About Us
If you want to learn more about us, you’re in the right place. This is the story of the foundation we are built on.
Food
Equitable healthy food distribution is something that PUENTES stands for. From reaching out to government leaders, to providing safe and healthy produce for your family dinner, we fight for everyone to have access to fresh produce.
Education
Our education programs seek to build a connection between people of all ages and the food on their plate.
Our Core Values
This is what we believe in
Community
Our organization is creating a natural food revolution across the entire central valley of California. We build community partnerships with local businesses and individual members, seeking to fight hunger one plate at a time.
Our story
The third goal of the United States Peace Corps is for Volunteers to bring home what they learned abroad.
After three years of service in Peace Corps Panama, our Founder, Jeremy Terhune, returned home with a vision. He wanted to motivate disadvantaged families, senior citizens, and youth to break the cycle of childhood obesity and other food related health issues surrounding inadequate diet, poor eating habits and a lack of access to healthy whole-foods. After working for several years as a Community Organizer in South Stockton, he was surprised to discover that areas of his hometown, Stockton, CA, were food deserts and were actually more food insecure than his Peace Corps site.

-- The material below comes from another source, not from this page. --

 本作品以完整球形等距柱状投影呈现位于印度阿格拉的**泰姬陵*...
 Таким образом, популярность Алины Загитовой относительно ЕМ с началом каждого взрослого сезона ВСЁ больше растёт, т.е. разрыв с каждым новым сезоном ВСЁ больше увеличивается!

In 2009, Jeremy rekindled his inspiration from collaborating with self-sustaining farmers in Panama in order to create change by and for Stockton communities; thus PUENTES was born.

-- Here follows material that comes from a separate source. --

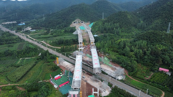新華網(wǎng)鄭州7月28日電 7月27日下午,隨著兩個(gè)預(yù)應(yīng)力混凝土T構(gòu),重量為17000噸的轉(zhuǎn)體梁在空中同步“華麗轉(zhuǎn)身”和精準(zhǔn)對(duì)接,標(biāo)志著由中鐵四局承建的河南省首個(gè)公路雙幅跨鐵路轉(zhuǎn)體梁成功轉(zhuǎn)體,為澠淅高速項(xiàng)目順利通車(chē)奠定了堅(jiān)實(shí)基礎(chǔ)。

With the help of a dedicated group of community volunteers, PUENTES created their first community garden in 2009 at the San Joaquin County Fairgrounds with an annual budget of $4,000, and has since founded Boggs Tract Community Farm.
We have helped to transform millions of dollars of regional and community investments into programs that incubate food based entrepreneurs, encouraged hundreds of children to grow and eat fresh produce, and have mended the cultural connection between generations of families and their food.
As evidenced by Stockton’s nascent urban farming ordinance and our city’s Food and Ag Action Plan, PUENTES continues to grow and has helped shift the attitude of regional policy makers and community members alike towards embracing urban agriculture in order to resolve hunger at the root level as a community planning issue.